Complete step-by-step solution -
We have been given a function, $\sin 4x+\cos 4x$ and we have to find its period. Let us consider $\sin 4x+\cos 4x$ as $f\left( x \right)$ which is the sum of two functions $g\left( x \right)$ and $h\left( x \right)$ which represent $\sin 4x$ and \[\cos 4x\] respectively. So, it can be written as,
$f\left( x \right)=g\left( x \right)+h\left( x \right)$
Now, we will find the period of $g\left( x \right)$ which is equal to $\sin 4x$. Using the formula, if the function is in the form of $\sin \left( kx \right)$, where $k$ is the constant, then its period will be $\dfrac{2\pi }{k}$. So, the period of $g\left( x \right)$ will be $\dfrac{2\pi }{4}$ which is $\dfrac{\pi }{2}$. Now we will check the periodicity by using,
$\begin{align}
  & g\left( x+\dfrac{\pi }{2} \right) \\
 & =\sin 4\left( x+\dfrac{\pi }{2} \right) \\
\end{align}$
By simplifying, we get,
$=\sin \left( 4x+2\pi \right)$
By using the identity, $\sin \left( 2\pi +\theta \right)=\sin \theta $, we get,
$\sin \left( 4x+2\pi \right)=\sin 4x$, which is $g\left( x \right)$. So,
$g\left( x+\dfrac{\pi }{2} \right)=g\left( x \right)$
Hence its period is $\dfrac{\pi }{2}$.
Now we will find the periodicity of $h\left( x \right)$ which is equal to $\cos 4x$. Using the formula, if the function is in the form of $\cos kx$, then its period will be $\dfrac{2\pi }{k}$. So, its period will be $\dfrac{2\pi }{4}$ which is $\dfrac{\pi }{4}$. Now we will check its periodicity. So,
$\begin{align}
  & h\left( x+\dfrac{\pi }{2} \right)=\cos 4\left( x+\dfrac{\pi }{2} \right) \\
 & =\cos \left( 4x+2\pi \right) \\
\end{align}$
Now, by using the identity, $\cos \left( 2\pi +\theta \right)=\cos \theta $, we get,
$\cos \left( 2\pi +4x \right)=\cos 4x$, which is $h\left( x \right)$. So,
$h\left( x+\dfrac{\pi }{2} \right)=h\left( x \right)$
Hence its period is $\dfrac{\pi }{2}$.
The periods for both the functions, $g\left( x \right)$ and $h\left( x \right)$ is $\dfrac{\pi }{2}$, so the LCM of both the functions is $\dfrac{\pi }{2}$.

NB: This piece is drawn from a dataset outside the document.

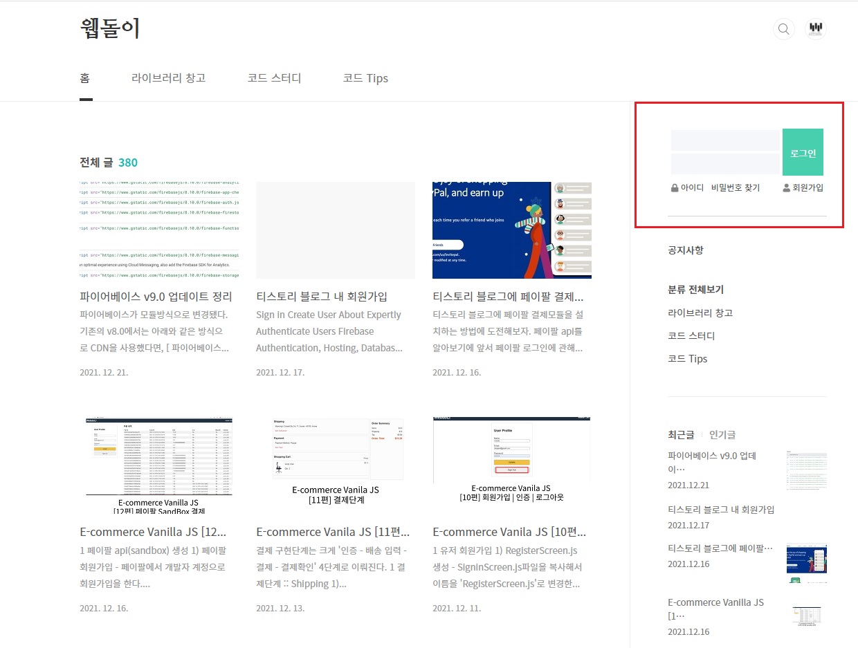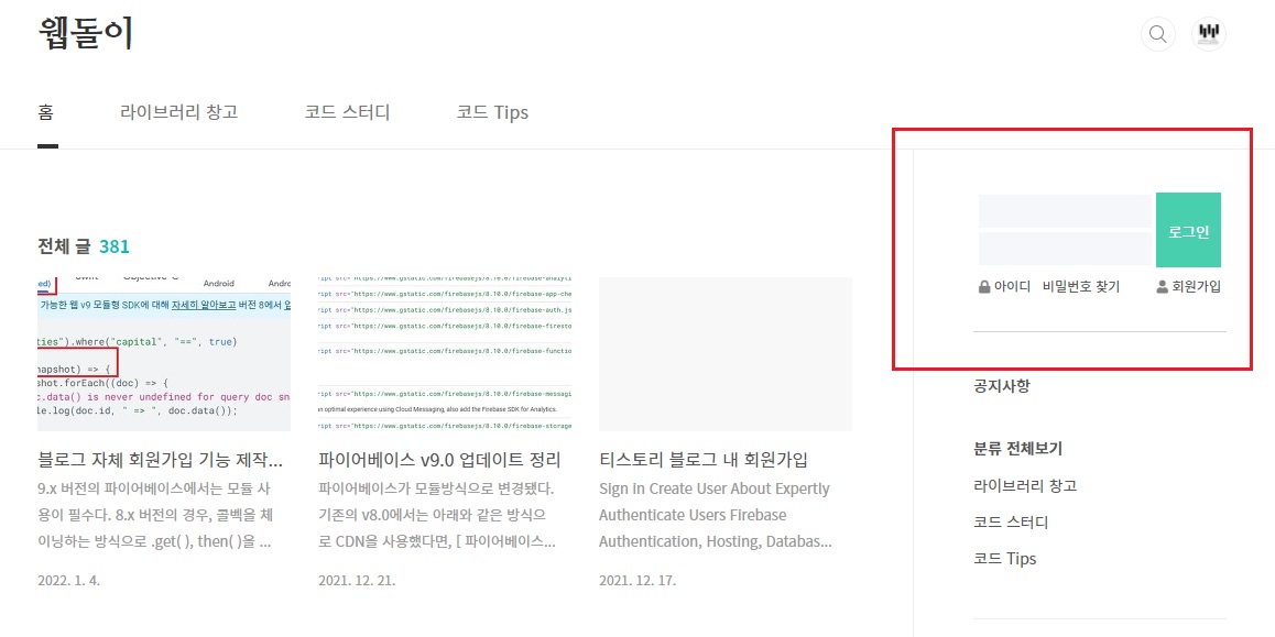 티스토리에서는 블로그만의 자체 로그인 기능을 제공하지 않는다. 파이어베이스 Auth인증을 위해서는 자체적으로 로그인 폼을 제작해야 한다.

Therefore, the correct option is D.

Note: You should be careful while finding out the periods of the functions, $g\left( x \right)$ and $h\left( x \right)$ separately as these are the places where the students tend to make mistakes. The calculations should also be done properly to avoid any mistakes.